Our initial business combination may be subject to regulatory review and approval requirements by governmental entities, or ultimately prohibited. For example, CFIUS has authority to review direct or indirect foreign investments in U.S. companies. Among other things, CFIUS is empowered to require certain foreign investors to make mandatory filings, to charge filing fees related to such filings, and to self-initiate national security reviews of foreign direct and indirect investments in U.S. companies if the parties to that investment choose not to file voluntarily. In the case that CFIUS determines an investment to be a threat to national security, CFIUS has the power to unwind or place restrictions on the investment.
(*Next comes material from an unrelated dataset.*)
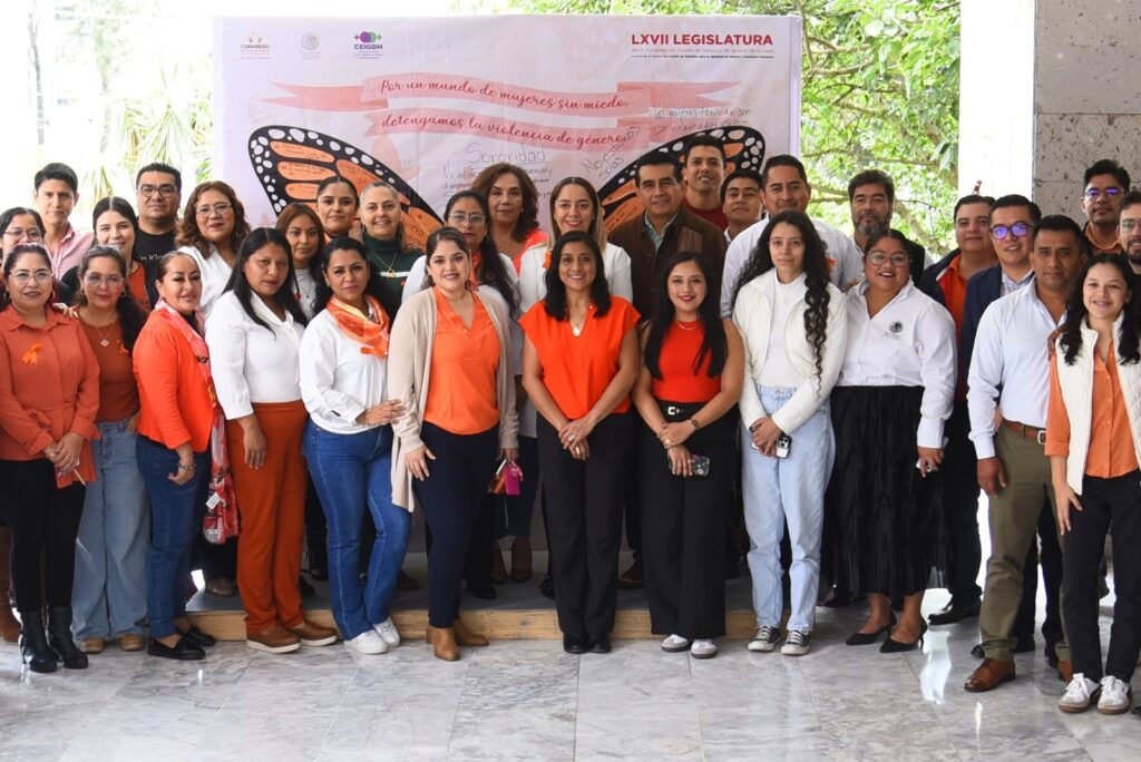 Al concluir las intervenciones, trabajadoras del Poder Legislativo inscribieron diversas frases que representan un llamado a crear conciencia en contra de la violencia de género y además expusieron, en una lona con una figura de mariposa, pensamientos y anhelos, “símbolo de transformación, cambio y renacimiento”.

Whether CFIUS has jurisdiction to review an acquisition or investment transaction depends on — among other factors — the nature and structure of the transaction, including the level of beneficial ownership interest and the nature of any information or governance rights involved. For example, investments that result in “control” of a U.S. business by a foreign person always are subject to CFIUS jurisdiction. CFIUS’s expanded jurisdiction under the Foreign Investment Risk Review Modernization Act of 2018 and implementing regulations that became effective on February 13, 2020 further includes investments that do not result in control of a U.S. business by a foreign person but afford certain foreign investors certain information or governance rights in a U.S. business that has a nexus to “critical technologies,” “critical infrastructure” and/or “sensitive personal data.”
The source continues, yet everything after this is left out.